Gressmann had travelled to Israel/Palestine in 1906/1907 as part of a regional studies course run by the Deutsches Evangelisches Institut für Altertumswissenschaft des Heiligen Landes (German Protestant Institute of Archaeology of the Holy Land), which was founded in 1900 and is still based in Jerusalem and Amman today. He took numerous photographs himself during his travels. The experiences he had on this trip left a lasting impression on him, and he firmly embedded the study of material culture in the canon of methods used by scholars of the Old Testament. His Altorientalische Bilder zum Alten Testament (1909, second edition 1927) became a standard work. As a representative of the Religionsgeschichtliche Schule and in accordance with his understanding of theology as cultural studies, it was important to him to understand the biblical texts in the context of ancient oriental and Egyptian texts and images, as well as against the background of the concrete conditions of life. He also endeavoured to communicate his findings to an interested public beyond the confines of the university, in both word and image. One medium he used was the Religionsgeschichtliche Volksbücher für die deutsche christliche Gegenwart, published at the beginning of the 20th century by Friedrich Michael Schiele, in which he provided information about the current excavations in Palestine (RV III/10, 1908).
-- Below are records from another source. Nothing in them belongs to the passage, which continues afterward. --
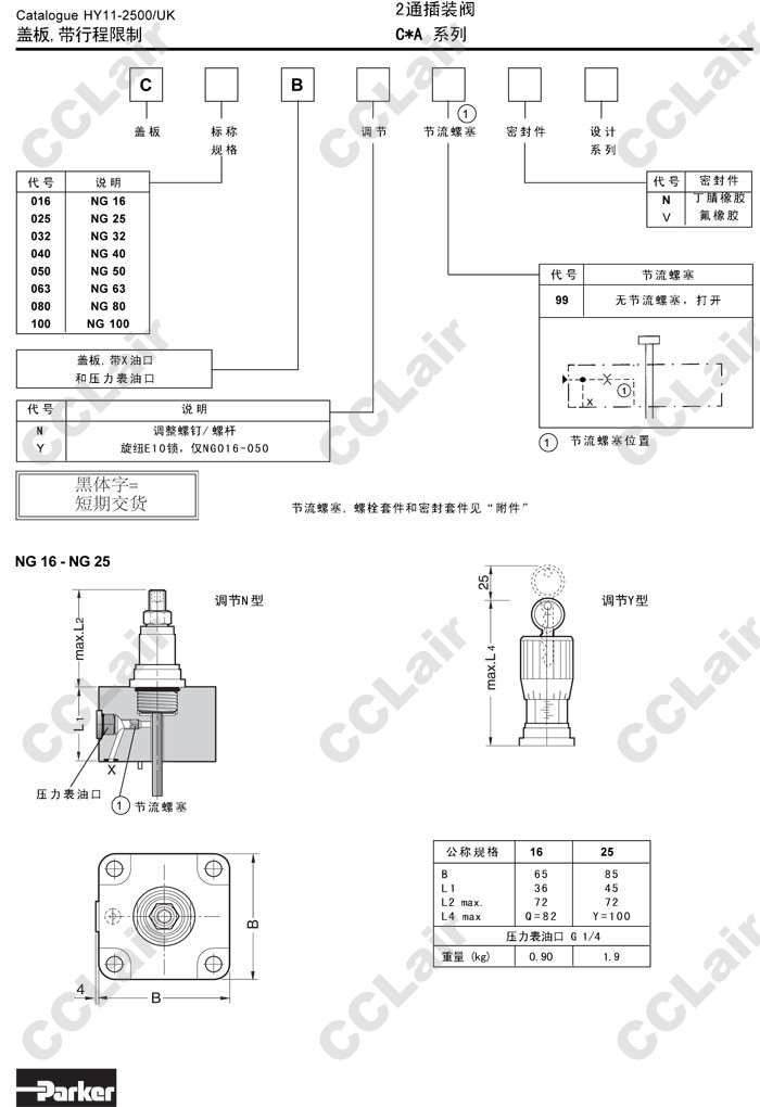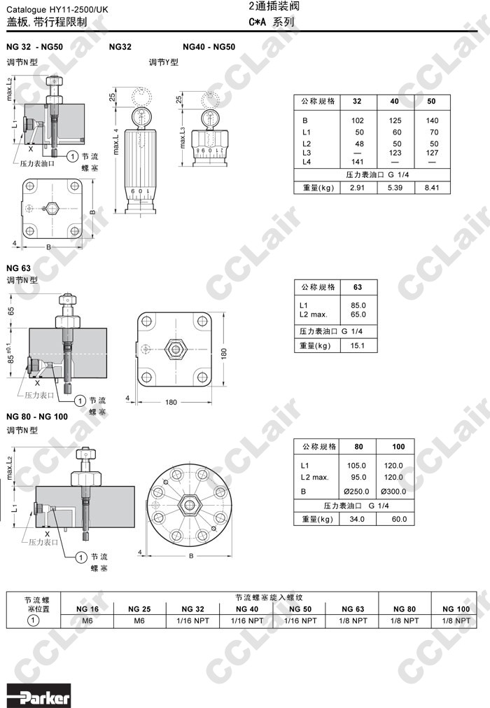 C016B,C025B,C032B,C040B,C050B,C063B,C080B,C100B,C016BN99N,C016BY99N,Parker2通插裝閥蓋板 |
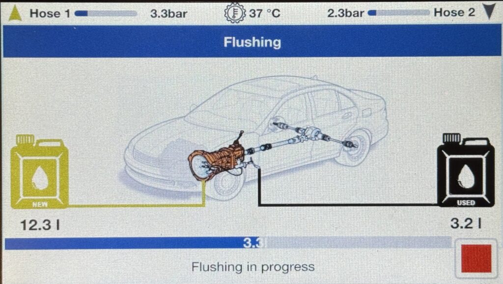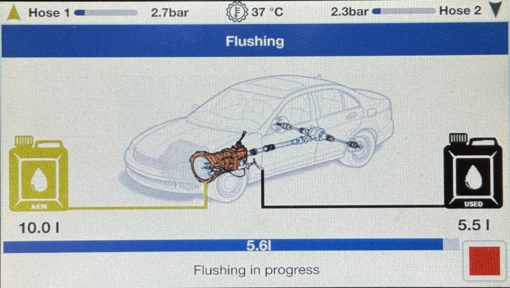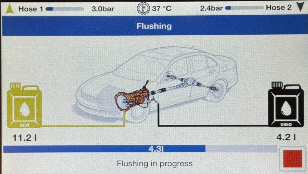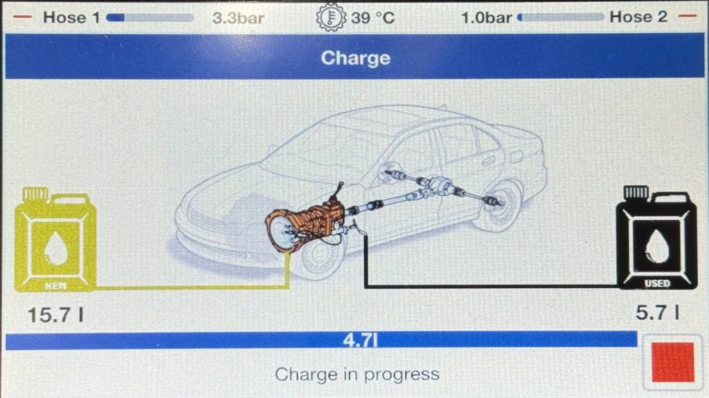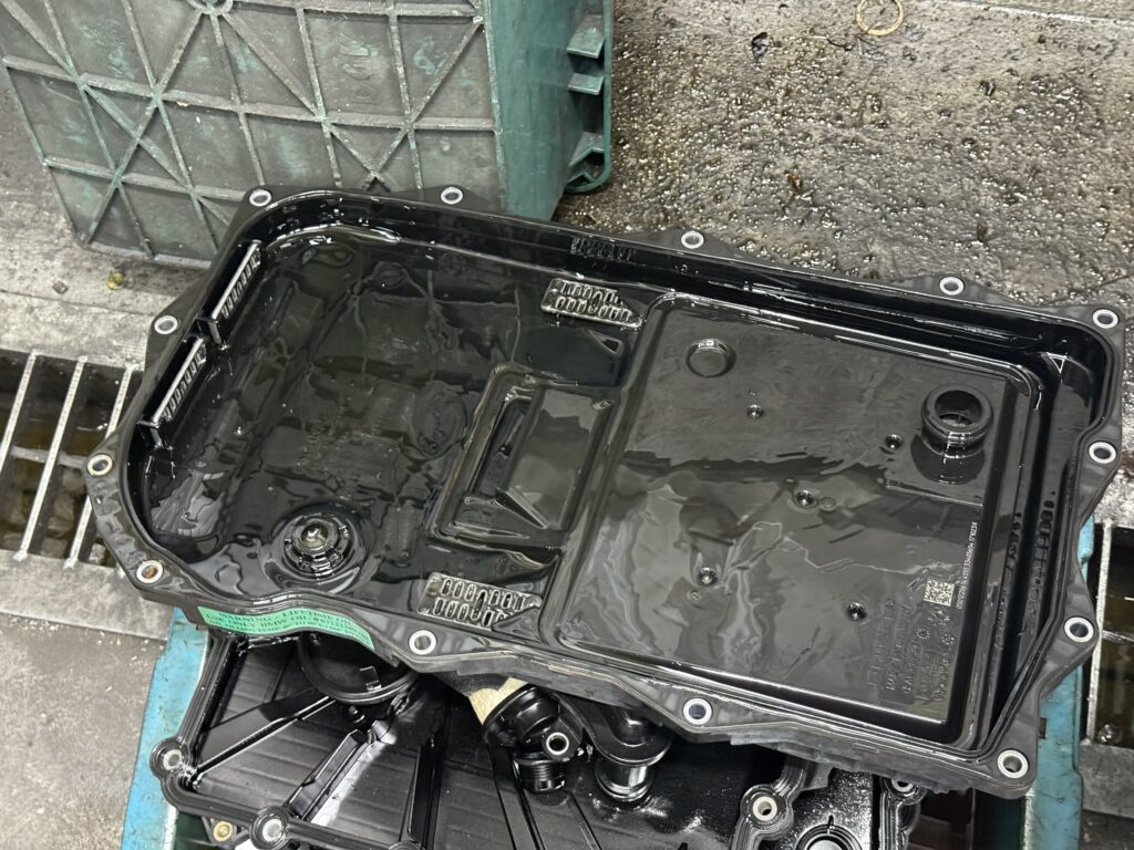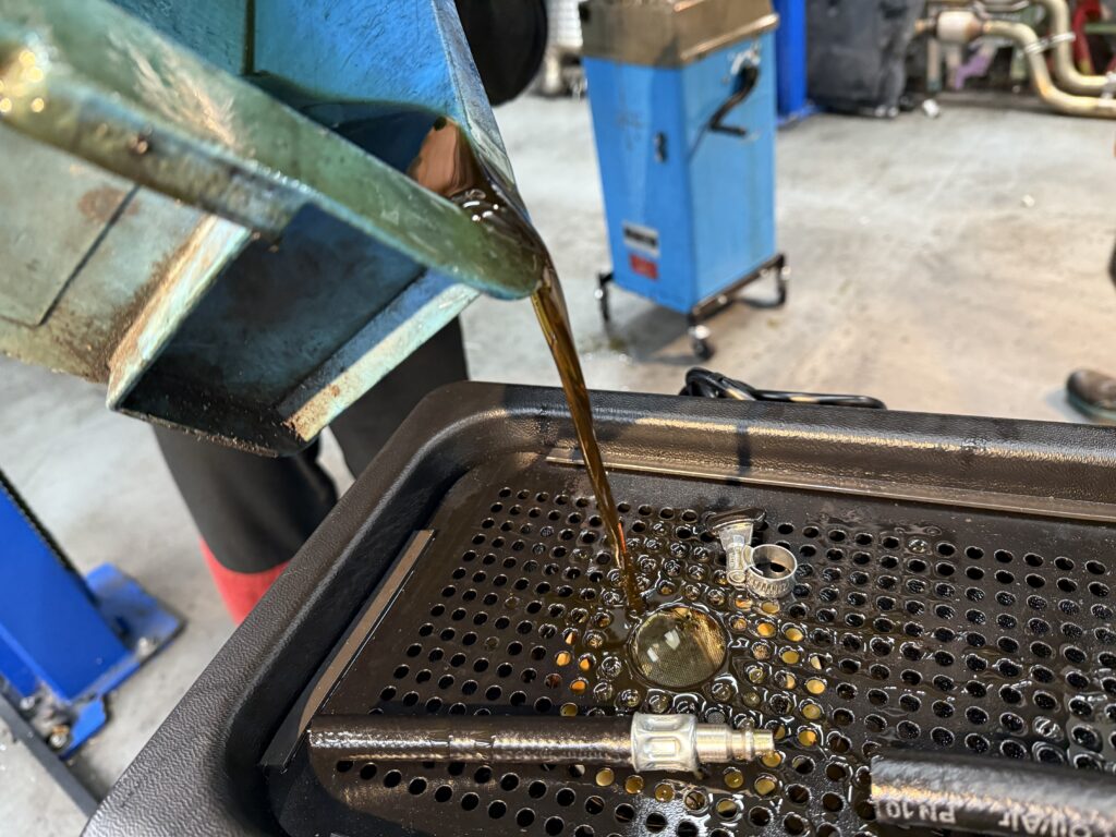 新しいオイルパンを付けて、交換時に吸引と出てきた分をフラッシングする前にGT3が新油を注入します。
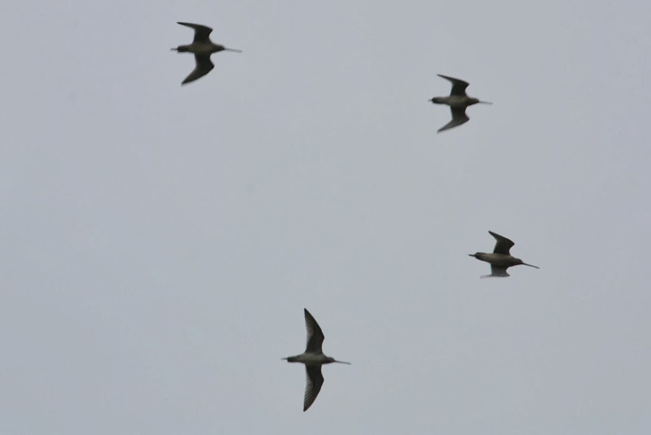 Always exuberant Lorna heard a Cowbird, but it turned out to be a Cow mooing. A flock of Dowitchers flew over us and Terry even got a shot “on the wing”.
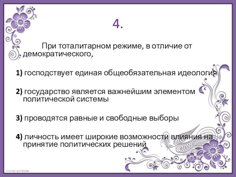 4.        При тоталитарном режиме, в отличие от демократического,   1) господствует единая общеобязательная
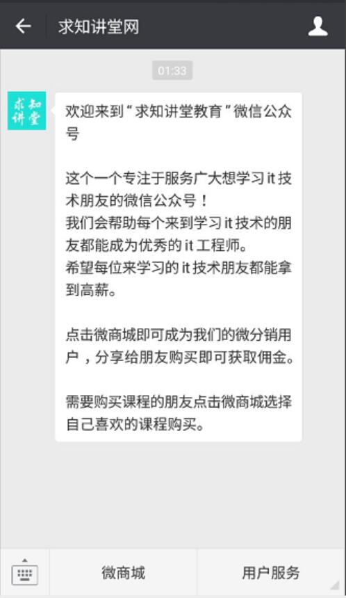 | 进入到“求知讲堂网”微信公众号 点击微商城 如下: |
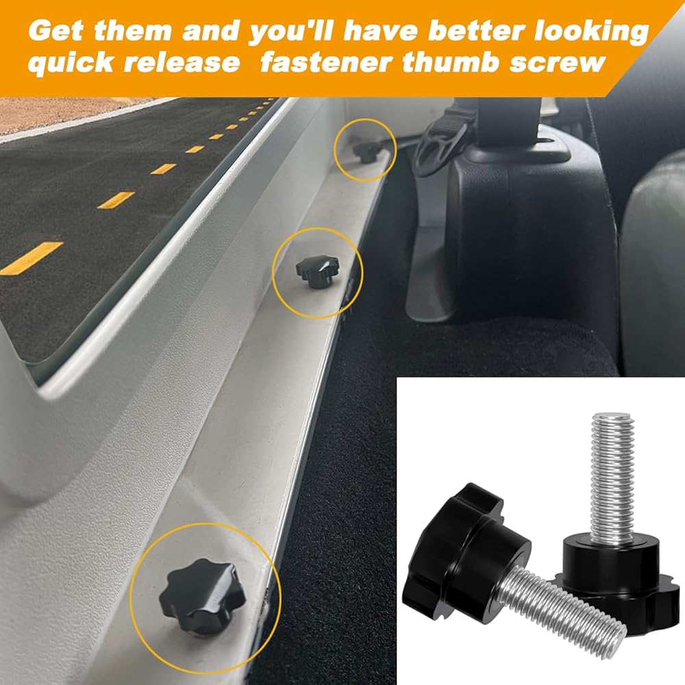 Friendly installation- Quick removal bolts release faster than the factory one, no need for any tools, making it much easier to put on and remove your hardtop. while providing a better appearance than the factory fasteners.

The Sammlung Historischer Palästinabilder now also includes glass plate slides from the estate of Gottfried Quell (1896–1976), a scholar of the Old Testament from Berlin. The loan of the library of the Deutschen Vereins zur Erforschung Palästinas (German Association for the Exploration of Palestine), which has existed since 1877, means that it is very well documented. The collection is of great importance for historical topography, for the history of archaeology, for the landscape and urban surface structure of pre-industrial Israel/Palestine, for the history of photography, but also for historical ethnology and anthropology, as well as for the Eurocentric image of the Orient in the late 19th and early 20th centuries.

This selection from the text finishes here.